Un’oasi di senza volto
"C’è un codice molto preciso, nessuno ti farà mai domande", ha raccontato Gianfranco Rosi, artefice, più che regista, di "Below sea level", uno degli avvenimenti del festival "Il cinema italiano". Ha vissuto con quella gente a intermittenza per quattro anni, girando più di cento ore di materiale da solo, senza mai guardare quello che era rimasto nella telecamera se non al momento di montare: «Solo allora mi sono reso conto di avere per le mani un film» che piacerebbe ai fratelli Coen, soggetto di Faulkner e sceneggiatura di William Burroughs. Racconta Rosi: «È l’unico luogo negli Usa dove puoi vivere senza passaporto e senza identità. È una comunità che varia da 150 a duemila individui, tutti con le loro roulotte e i loro camper, in mezzo al deserto. Tutti fuggono da qualche cosa e non si sa cosa stiano cercando, ma vivono nel rispetto reciproco. Senza acqua corrente e elettricità, senza pompieri né polizia. Per quattro anni ho vissuto con loro, prima senza girare, sono semplicemente partito per vedere quella realtà. Poi alcuni di loro sono diventati autentici personaggi: trascrivendo i loro dialoghi mi sono reso conto che sembrava una poesia di settanta pagine». Questa è la “beaten generation”, la generazione battuta, anche se un po’ dello spirito beat traspare nella canzone di Mike che esalta la vita in quello stato di libertà totale, con tutti i pro e i contro.

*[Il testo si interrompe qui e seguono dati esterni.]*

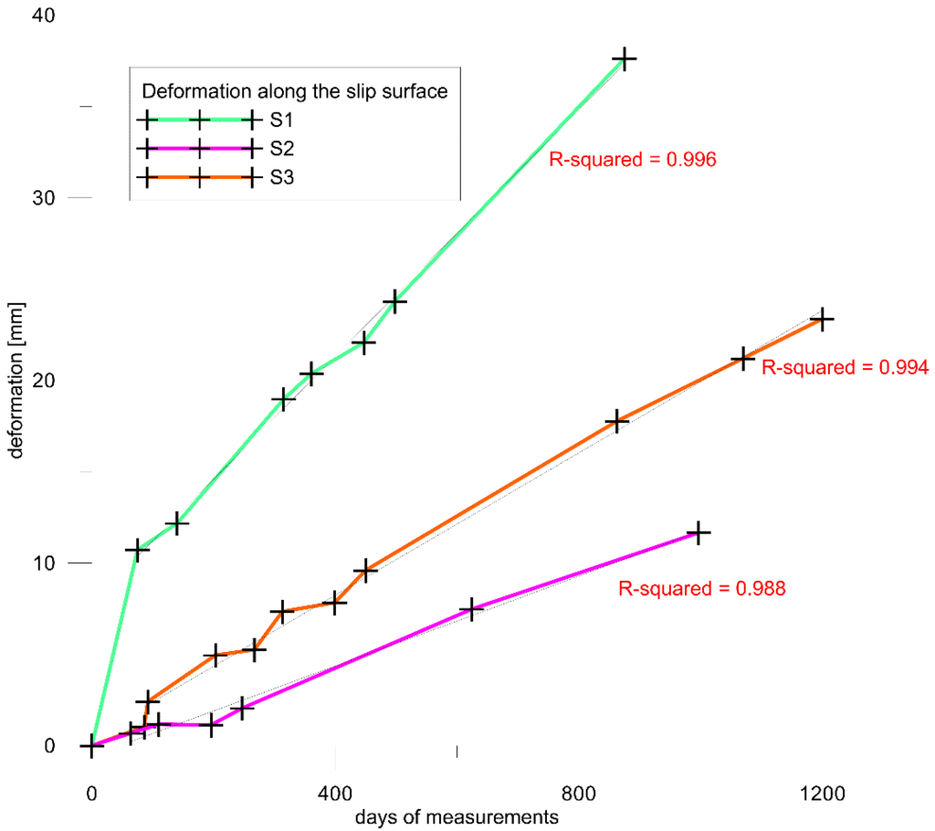 In Figure 4 the trends of the displacements along the slip surface for each of the three boreholes are presented. The first measures were discarded from the linear interpolations to avoid possible errors due to the consolidation of the soil after the installation. It is possible to appreciate that the trend of displacement is almost linear, i.e., velocity is constant, a typical behavior for the accumulation area of these types of landslides [21].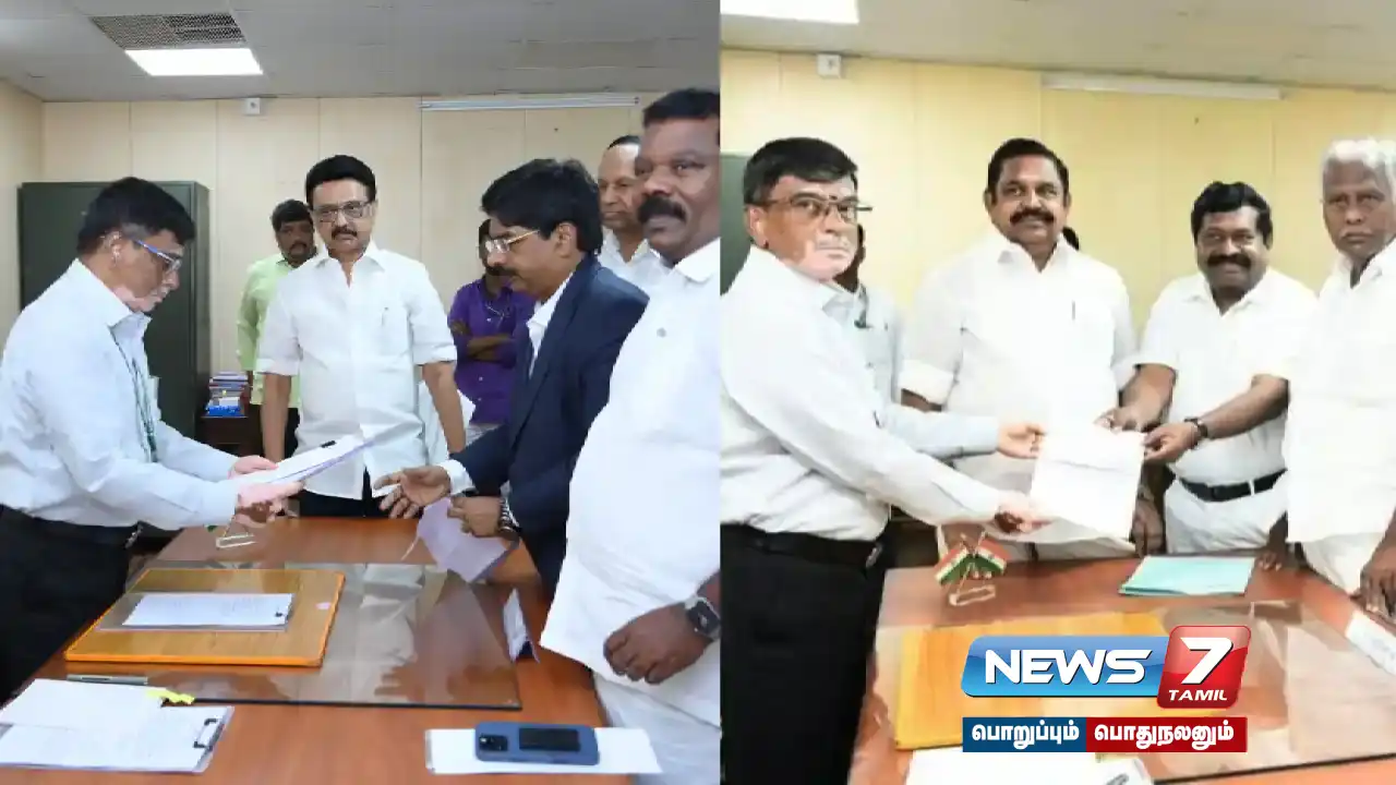 அதேபோல், அதிமுக வேட்பாளர்களான தனபால் மற்றும் ஐ.எஸ்.இன்பதுரை ஆகியோர் அக்கட்சியின் பொதுச்செயலாளர் எடப்பாடி பழனிசாமி முன்னிலையில் வேட்புமனு தாக்கல் செய்தனர். இந்த தேர்தலுக்கான வேட்புமனு தாக்கல் நேற்றுடன் நிறைவடைந்தது. இந்த நிலையில், வேட்புமனு பரிசீலனை இன்று நடைபெற்றது. இந்த தேர்தலில் திமுக சார்பில் போட்டியிடும் மக்கள் நீதி மய்யம் கட்சித் தலைவர் கமல்ஹாசன் தாக்கல் செய்த வேட்புமனு ஏற்றுக்கொள்ளப்பட்டது.

«Spero di riuscire a proiettarlo presto proprio per loro», ha concluso Rosi, salutato da un’ovazione di un pubblico ipnotizzato. Lo stesso che ha affollato il Cineplex Astoria per un altro film molto atteso, La terra degli uomini rossi presentato dall’autore, Marco Bechis che, oggi alle 10, lo proietterà agli studenti.